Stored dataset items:
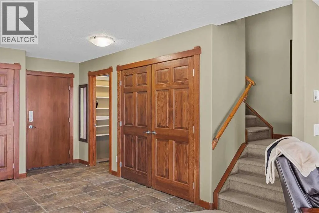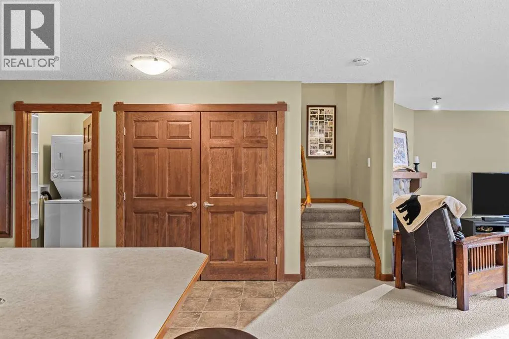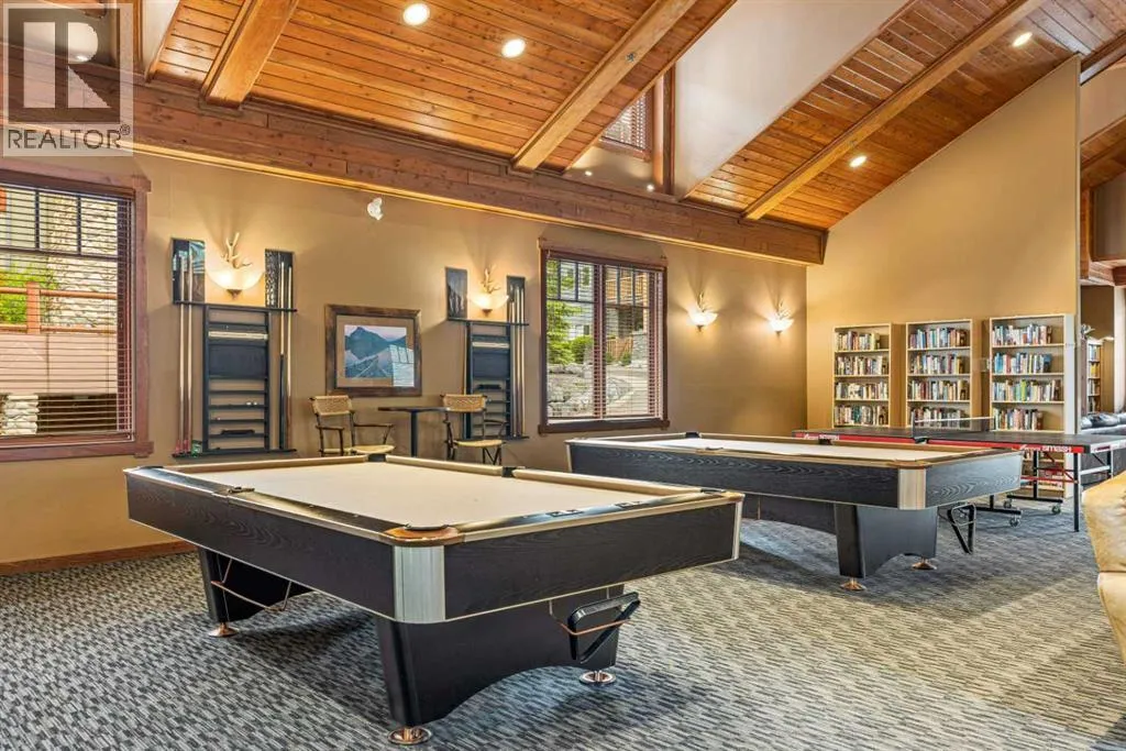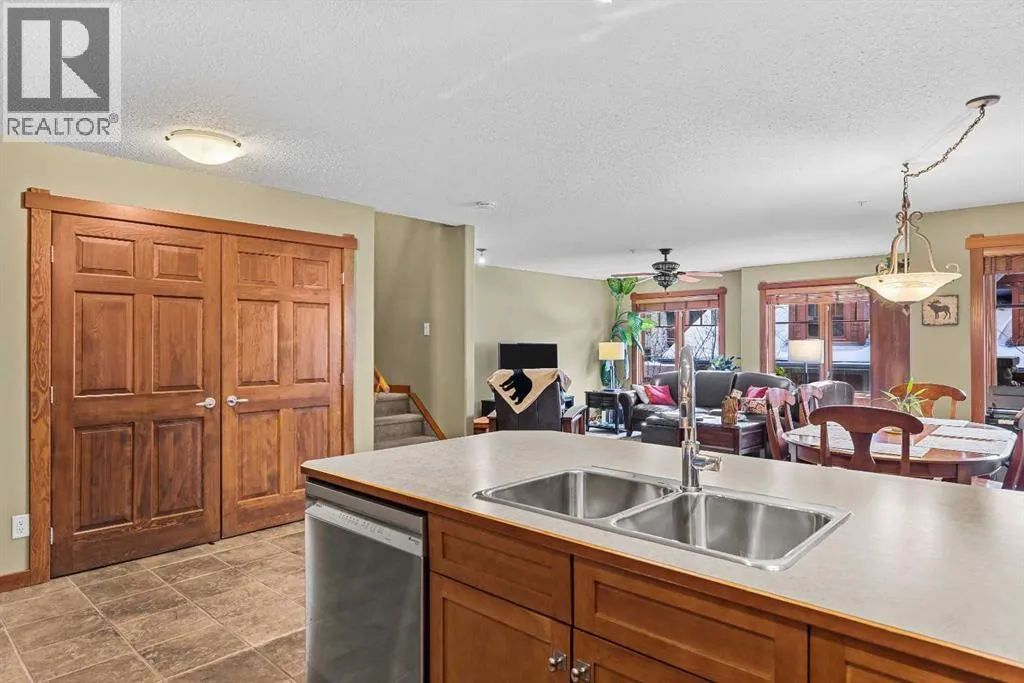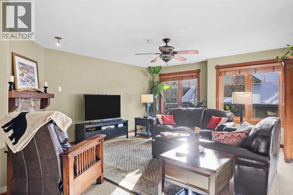 This is the sunny home with mountain views youâve been waiting for! Located on the quiet south side of the building and spanning the top two floors, this fabulous 2 bedroom, 2 bathroom condo enjoys plentiful sunshine year-round with enviable Three Sisters Mountain views. The spacious open-plan living level is flooded with light from all the south facing windows, yet offers privacy from mature trees, and comprises a very spacious kitchen with eating bar, huge living room with gas fireplace, and a generous dining area that will encourage you to invite guests! Step out onto the sunny deck to enjoy your morning coffee with Three Sisters Mountain views, or take a walk by the Bow River along nearby trails. After a fun day in the mountains, the adjacent amenities building offers abundant relaxation opportunities and entertainment for your family and guests, including indoor and outdoor hot tubs, well equipped gym, a sauna, pool tables, lounge area with large screen TV, and ping-pong table. Easy access to endless trails, and the convenience of the newly developed Gateway retail park just down the road. The free Roam bus stops right outside the complex for added convenience. This beautifully presented home offers the rare combination of a quiet location, abundant sunshine, mountain views, convenient amenities and easy access to local facilities. Donât hesitate â book your viewing today! One heated underground parking space (plus visitor parking) with adjacent spacious (9âx5â) storage. Please note that short-term rentals are not permitted at this property. There are no age restrictions in this building. (id:27476)
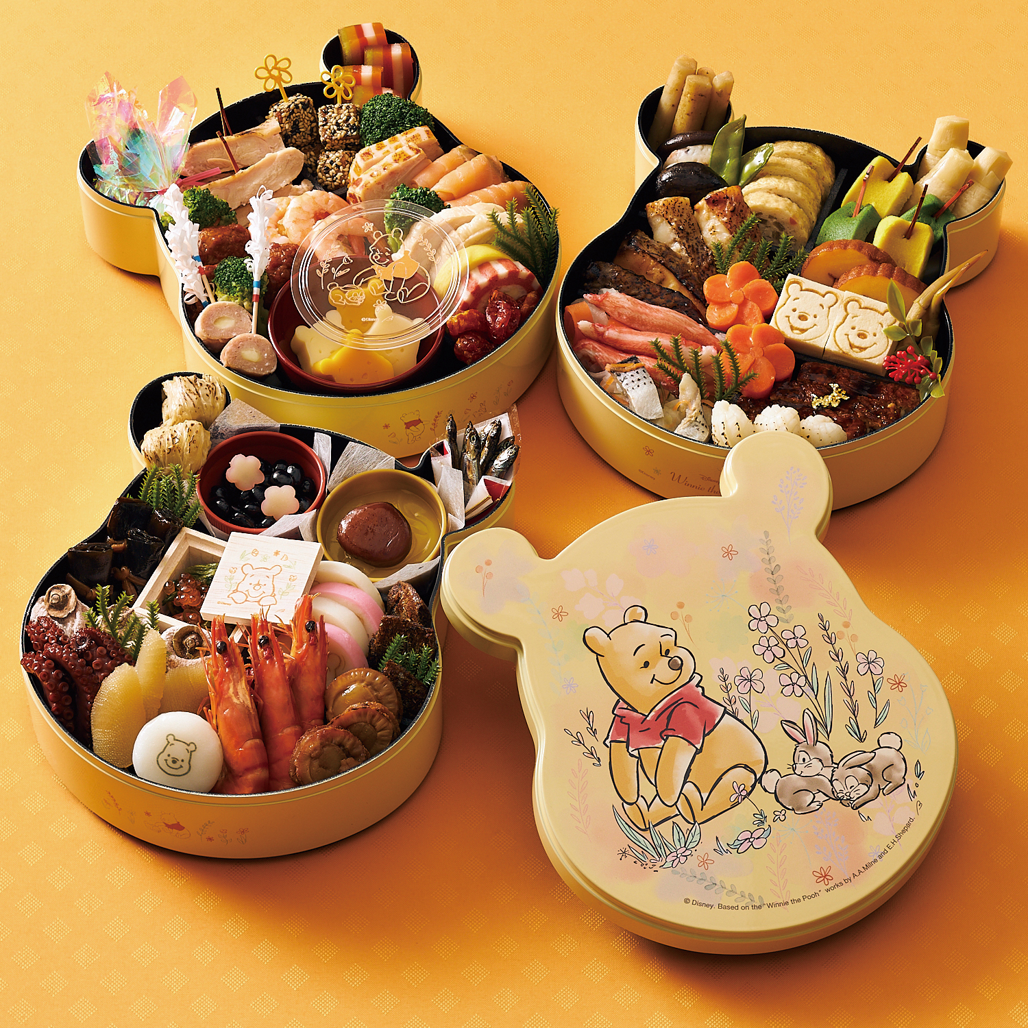 うさぎ年にちなんだ優しいタッチのデザインに癒される、くまのプーさんの三段重。56品目50種 4人×3食分が彩り豊かに盛り込まれています。※オリジナルグッズ特典付き
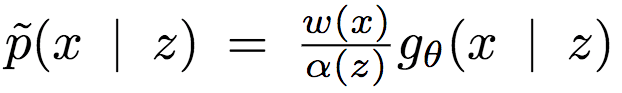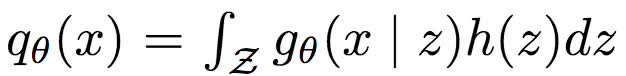 其中,gθ(x | z): Z -> [0, 1]d为条件密度,h(z)为z的先验。
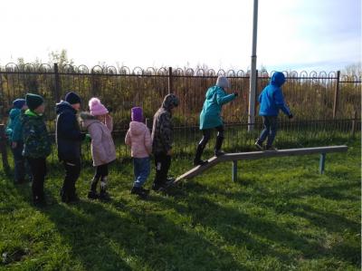 Проведение подвижных игр на свежем воздухе во время прогулок благоприятно сказывается на организме ребёнка. Так, в весенне-осенний период, гуляя на солнце, дети получают запас витамина Д, а зимой хороший закаливающий эффект. Во время прогулок на свежем воздухе дети играют в такие игры, как «Салки», «Колокольчик стоп», «Прятки», «Мяч соседу», «Пустое место», «Классики», «Метко в цель», дружно лепят снеговиков, играют в снежки, катаются с горок.
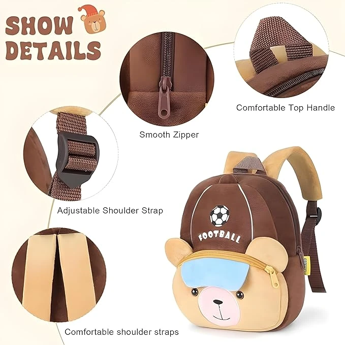 Cute Small Toddler Kids Preschool Backpack Football design open yes Nursery Preschool Playschool School Picnic Travelling Bag for Baby Boy Girl Age 2-5 Years
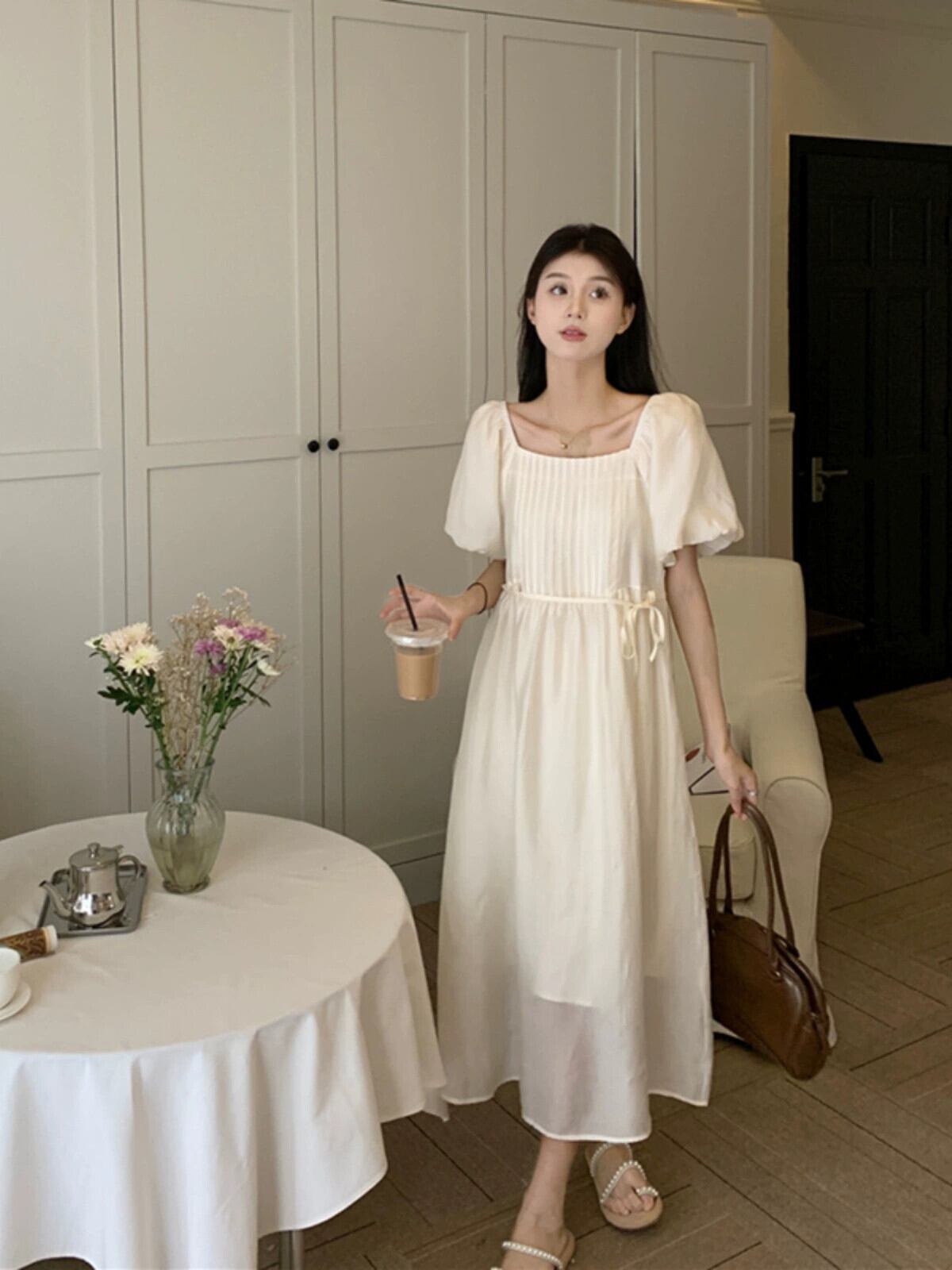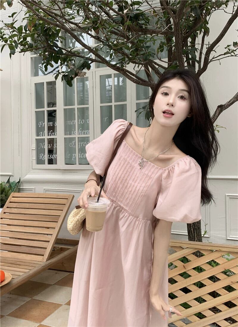 スクエアカラー パフスリーブ ワンピース レディース 夏新作 フレンチ シャーリング タイ ウエスト ミモレ丈 ピンク スカート シック サマー 夏物 スクウェア missk77860772484
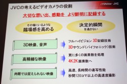今後はビクターの有する小型精密機器技術、高精細映像技術、再現性の高い音声技術、高効率符号化技術、高圧縮記録/再生技術などを進化させていくとのこと。これらの技術を活かし、YouTube掲載用動画を作るなど、簡便なコミュニケーションツールとして、はたまた3Dで臨場感溢れる映像を残すツールとしてなど、幅広い用途に合わせたカムコーダーを提供していく考えだという。伊藤社長は「今後もユーザー目線で多岐にわたる技術を進化させ、ユーザーのライブなコミュニケーションを支援したい」と締めくくった。
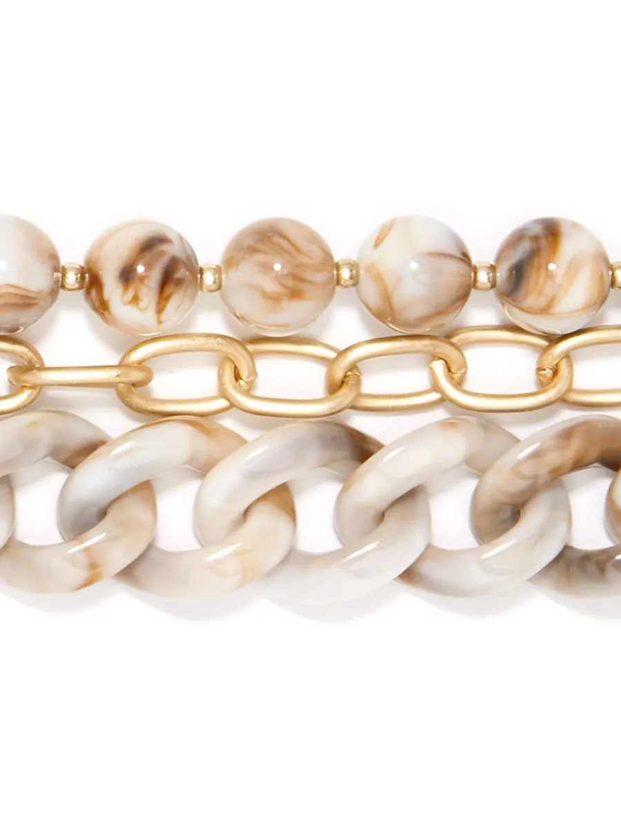 Wrap bracelet made of marbled resin links and beaded strands. Accented with matte, gold-tone accents and chains.Toggle Closure -1.5′ Extension -6″ Length -1.5″ Width -Nickel and Lead Compliant (Hypoallergenic)

** THE PROBLEM **
If the records contain pictures, skip them, and transcribe exactly every line from the one with "其中,gθ(x | z): Z -> [0, 1]d为条件密度,h(z)为z的先验。" through the last line.

** RESPONSE FOR THIS EXERCISE **
 其中,gθ(x | z): Z -> [0, 1]d为条件密度,h(z)为z的先验。
 Проведение подвижных игр на свежем воздухе во время прогулок благоприятно сказывается на организме ребёнка. Так, в весенне-осенний период, гуляя на солнце, дети получают запас витамина Д, а зимой хороший закаливающий эффект. Во время прогулок на свежем воздухе дети играют в такие игры, как «Салки», «Колокольчик стоп», «Прятки», «Мяч соседу», «Пустое место», «Классики», «Метко в цель», дружно лепят снеговиков, играют в снежки, катаются с горок.
 Cute Small Toddler Kids Preschool Backpack Football design open yes Nursery Preschool Playschool School Picnic Travelling Bag for Baby Boy Girl Age 2-5 Years
 スクエアカラー パフスリーブ ワンピース レディース 夏新作 フレンチ シャーリング タイ ウエスト ミモレ丈 ピンク スカート シック サマー 夏物 スクウェア missk77860772484
今後はビクターの有する小型精密機器技術、高精細映像技術、再現性の高い音声技術、高効率符号化技術、高圧縮記録/再生技術などを進化させていくとのこと。これらの技術を活かし、YouTube掲載用動画を作るなど、簡便なコミュニケーションツールとして、はたまた3Dで臨場感溢れる映像を残すツールとしてなど、幅広い用途に合わせたカムコーダーを提供していく考えだという。伊藤社長は「今後もユーザー目線で多岐にわたる技術を進化させ、ユーザーのライブなコミュニケーションを支援したい」と締めくくった。
 Wrap bracelet made of marbled resin links and beaded strands. Accented with matte, gold-tone accents and chains.Toggle Closure -1.5′ Extension -6″ Length -1.5″ Width -Nickel and Lead Compliant (Hypoallergenic)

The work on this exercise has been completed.